SEARCHING FOR SINGULARITIES IN NAVIER-STOKES FLOWS USING VARIATIONAL OPTIMIZATION METHODS
In the presentation we will discuss our research program concerning the search for the most singular behaviors possible in viscous incompressible flows. These events are characterized by extremal growth of
various quantities, such as the enstrophy, which control the regularity of the solution. They are therefore intimately related to the question of possible singularity formation in the 3D Navier-Stokes system, known as the hydrodynamic blow-up problem. We demonstrate how new insights concerning such questions can be obtained by formulating them as variational PDE optimization problems which can be solved computationally using suitable discrete gradient flows. More specifically, such an optimization formulation allows one to identify
"extreme" initial data which, subject to certain constraints, leads to the most singular flow evolution.

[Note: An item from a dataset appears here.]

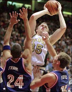 Purdue's Brian Cardinal shoots over Gonzaga's Richie Frahm and Ryan Floyd during the second half of their semifinal game of the NCAA West Regional Thursday. ![]() ![]() ![]() |
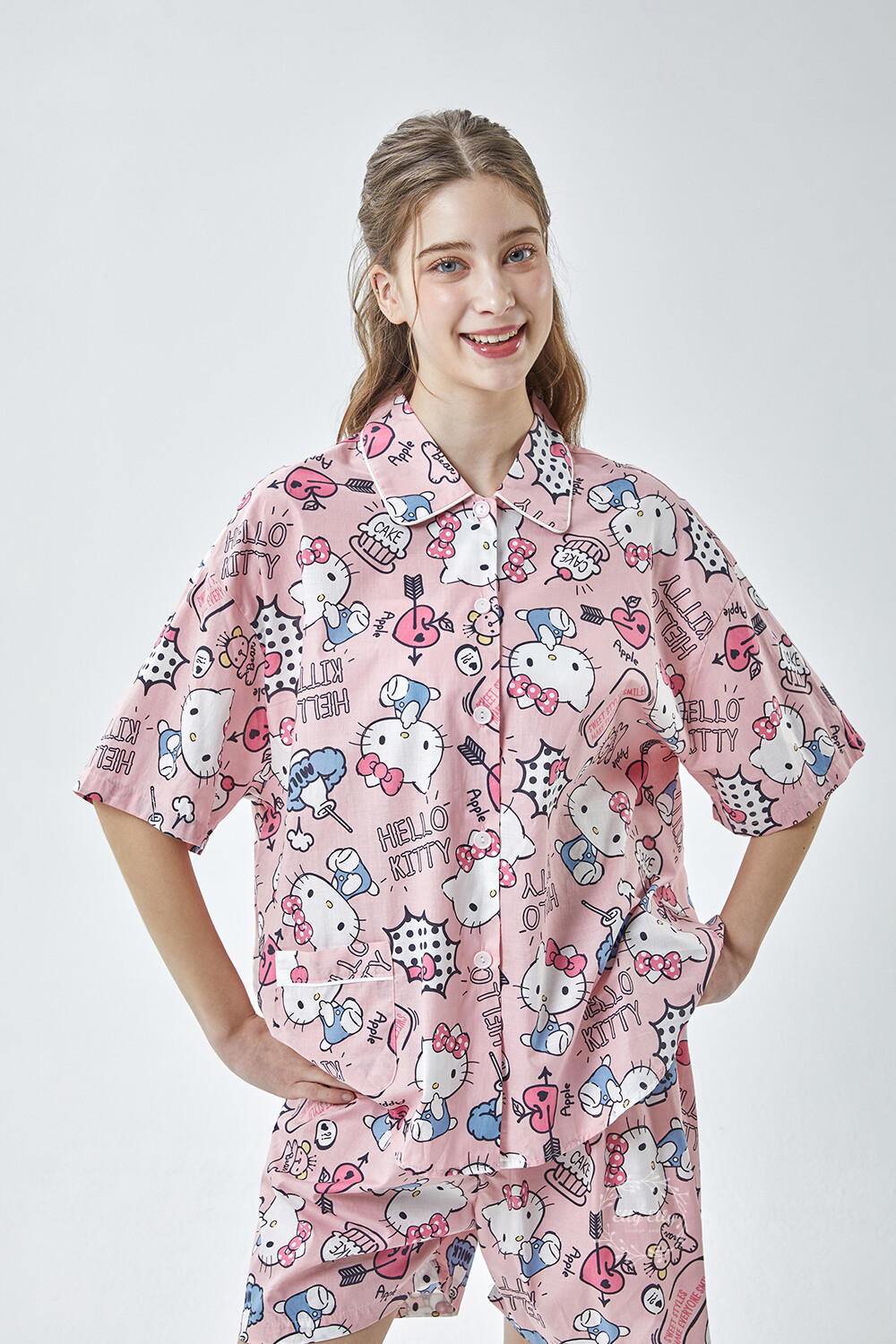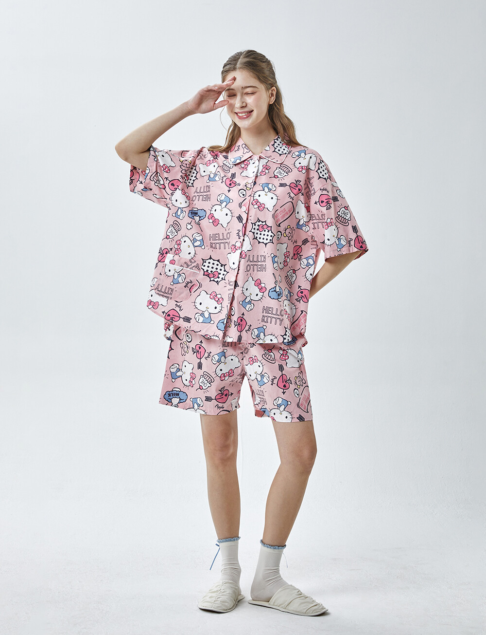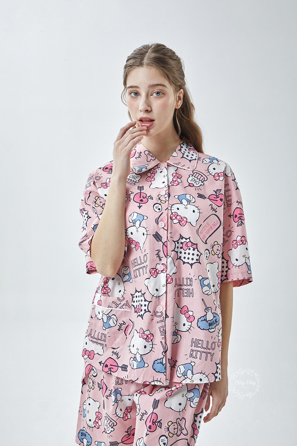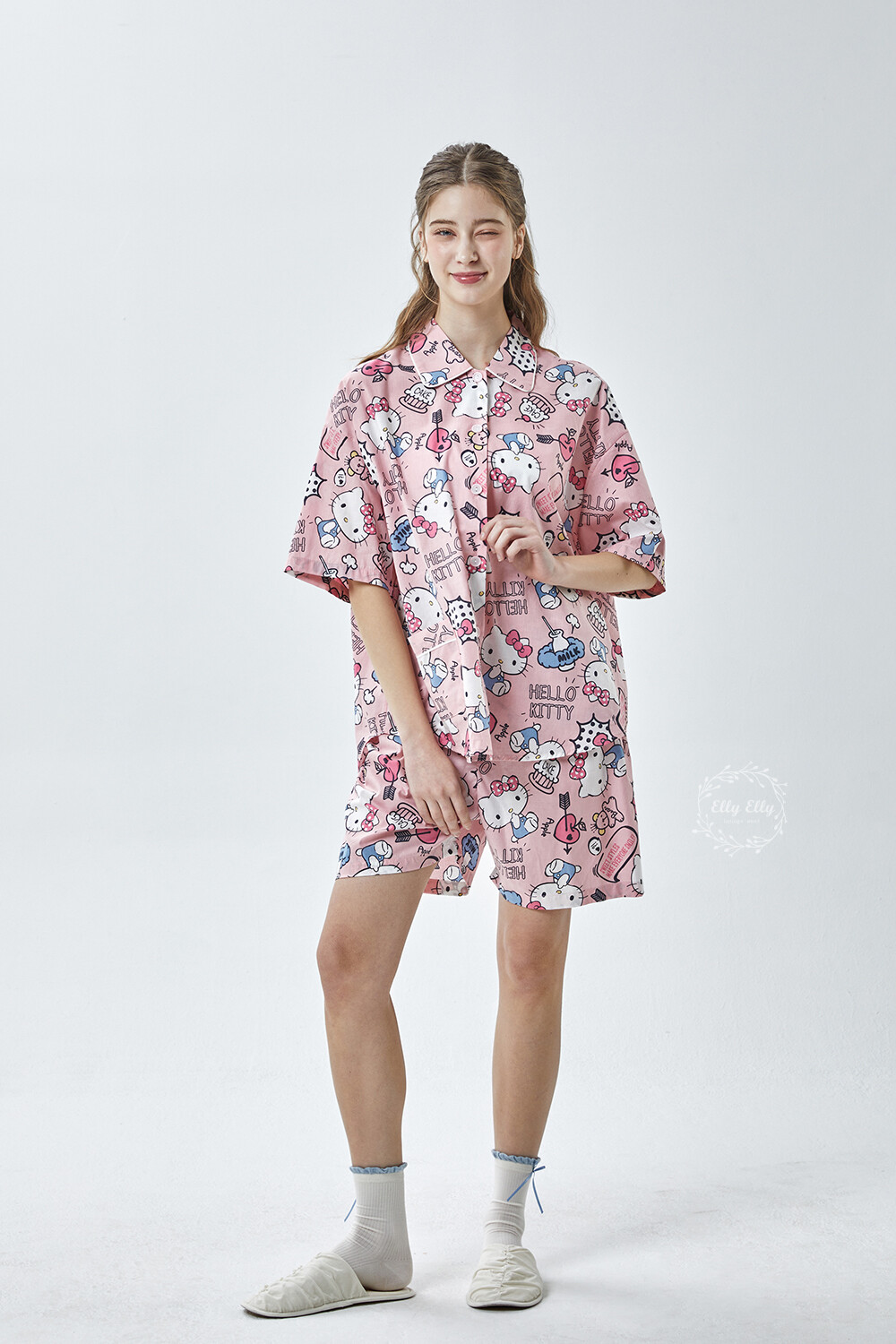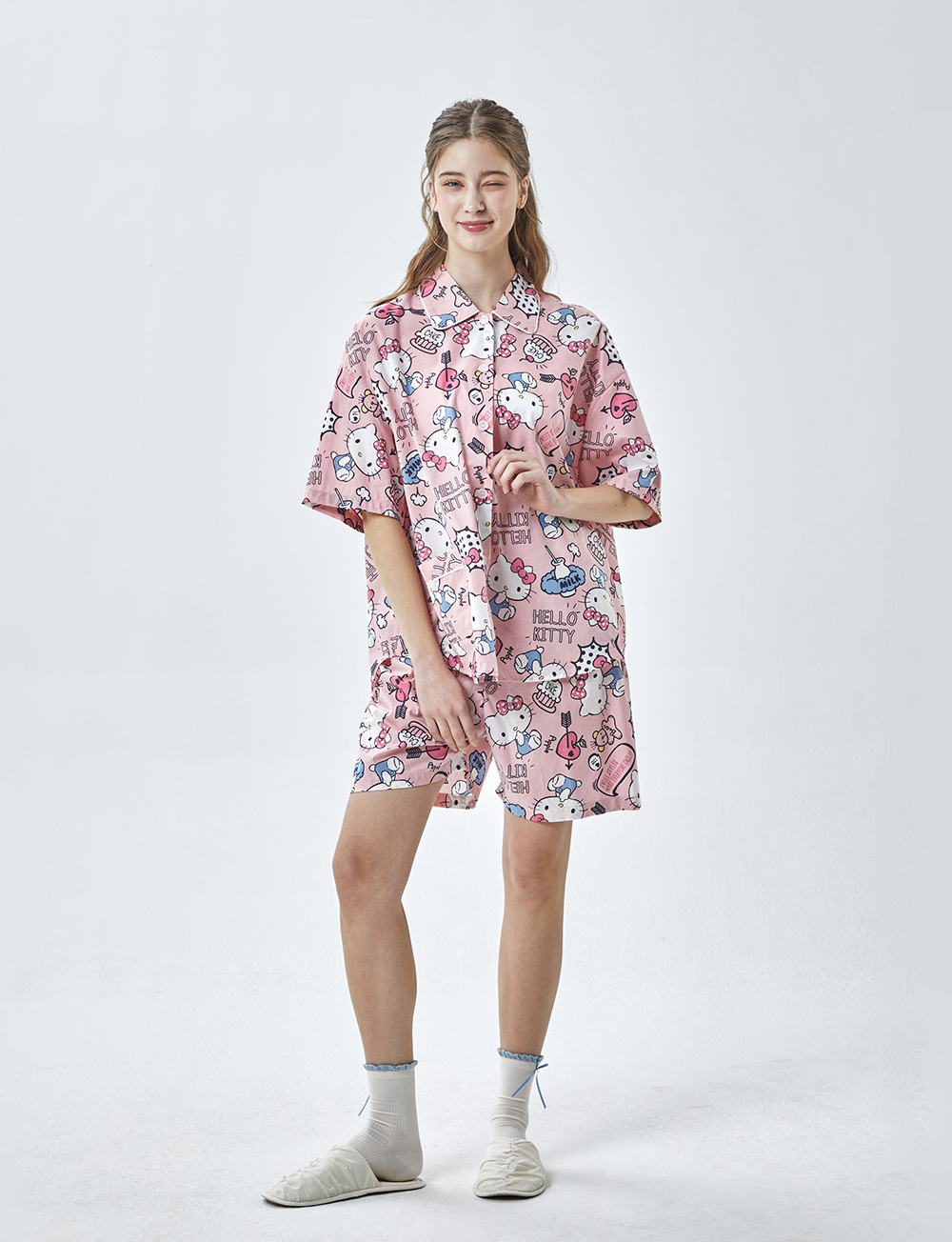 HK-4202 빅키티 와이카라 여성 반팔페어 핑크

In offering a systematic approach to finding flow solutions which may saturate known estimates, the proposed paradigm provides a bridge between mathematical analysis and scientific computation. In particular, it makes it possible to determine whether or not certain mathematical estimates are "sharp", in the sense that they can be realized by actual vector fields, or if these estimates may still be improved. In the presentation we will review a number of results concerning 1D and 2D flows characterized by the maximum possible growth of different Sobolev norms of the solutions. As regards 3D flows, we focus on the enstrophy which is a well-known indicator of the regularity of the solution. We find a family of initial data with fixed enstrophy which leads to the largest possible growth of this quantity at some prescribed final time. Since even with such worst-case initial data the enstrophy remains finite, this indicates that the 3D Navier-Stokes system reveals no tendency for singularity formation in finite time.